National minimum standards in writing represent student performance levels below which these students will have difficulty progressing satisfactorily at school. In 2019 there were 3.8 per cent of year 3 boys and 1.6 per cent of girls below this standard. This is a low proportion but it is noteworthy that there are roughly twice as many boys as girls in this category. By year 9 the percentage has grown significantly to 23.6 per cent of boys and 13.2 per cent of girls. Of serious concern is that almost one-quarter of all boys in year 9 in Australia as well as a significant percentage of girls will have difficulty progressing to the senior years of schooling. It’s not like this is a recent phenomenon. Ten years ago, the numbers were slightly better but still should have been raising alarm bells. Surely ministers and their departments were questioning what was happening in schooling when twice as many boys as girls are below this national minimum and the percentage of boys and girls below it increases up to eight-fold from years 3 to 9.

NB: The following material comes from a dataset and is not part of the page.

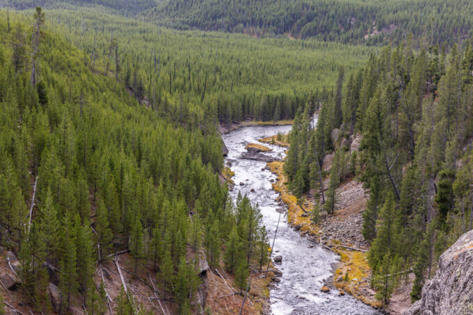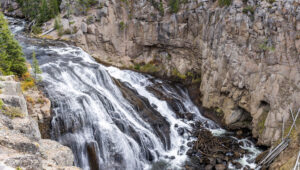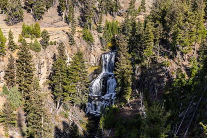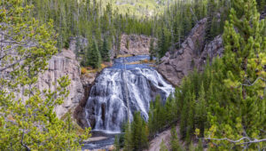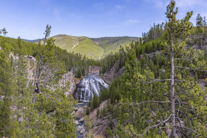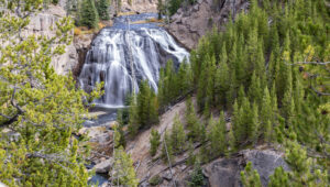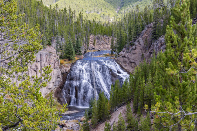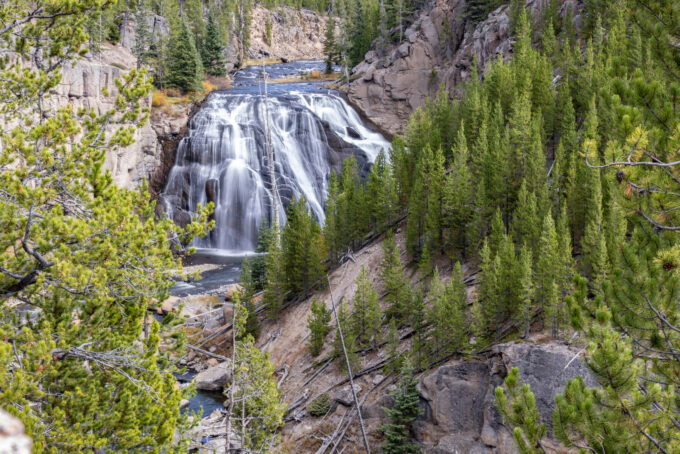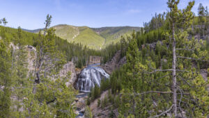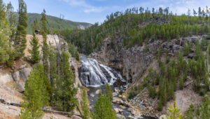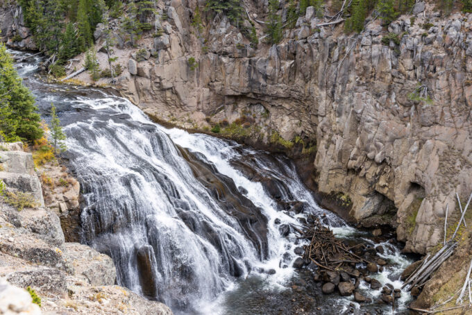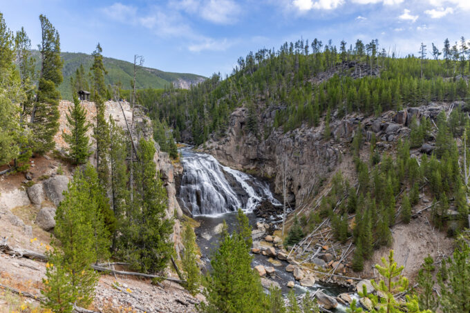 Na samym początku zatrzymaliśmy się przy malowniczym wodospadzie Gibbon Falls, który można podziwiać z kilkuset metrowego deptaka, który ciągnie się wzdłuż rzeki Gibbon.

It is not fair to say that it is the fault of teachers that students are not learning to write. Recently the NSW Educational Standards Authority commissioned a report on how teachers were being taught to teach writing. To begin with, in the education faculties of universities there appears to be a range of not necessarily complementary philosophies on how to teach writing. In some cases there is no advice on teaching specific writing skills at all. So, within and between schools, there can be a lack of consistency in teaching methodologies.

It is not easy to teach writing. Ask any parent supervising their child in the recent bout of home schooling and they will readily attest that helping their child with writing is no mean feat. To teach writing systematically and effectively requires a great deal of knowledge and experience and it would appear that teachers are not receiving this either in pre-service training or through post-service professional development. Our national and state curriculum documents lack any real precision on how writing should be taught. They constantly seem to be under review to change, re-orient and re-direct so that teachers, in all honesty, will have difficulty knowing what needs to be done and there is a view that the changes will make no substantive difference.

So, how does NAPLAN assess writing? It is a "criterion-referenced" assessment – there are 10 criteria covering: whole-text features such as purpose, audience and structure; grammatical features such as sentence structure and cohesion; and, "mechanical" features such as punctuation, paragraphing and spelling. Some criteria such as sentence structure have six scores while others like paragraphing have two. In this type of assessment every mark has meaning. Each score describes a degree of achievement and conversely implies those features not achieved. Teachers can then use class data to target their teaching programs to areas of need.

NAPLAN conducts the most comprehensive assessment of student writing anywhere in the world. Other countries use sample testing whereas the NAPLAN is whole population or census testing. Another important feature of the NAPLAN assessment is that all students from years 3 to 9 are marked on the same scale. That way teachers and parents can map student progress in writing as they move through school. The NAPLAN is teacher-marked and has a diagnostic function in that student achievement is reported in terms of degree of control of key criteria in their writing.

Since 2008, the national and state governments have invested hundreds of millions in producing this significant database of the degree to which whole populations of students have demonstrated competence and control of their writing. It is to the discredit of the education community that so little analysis and research has been undertaken to improve the quality of student writing in that time. Instead our educators want to blame the instrument or, as Donald Trump would argue, we have a problem here because we are testing.

Peter Knapp has written many books on teaching and assessing student writing. Most recently he was a developer of the National Literacy Learning Progression – Writing.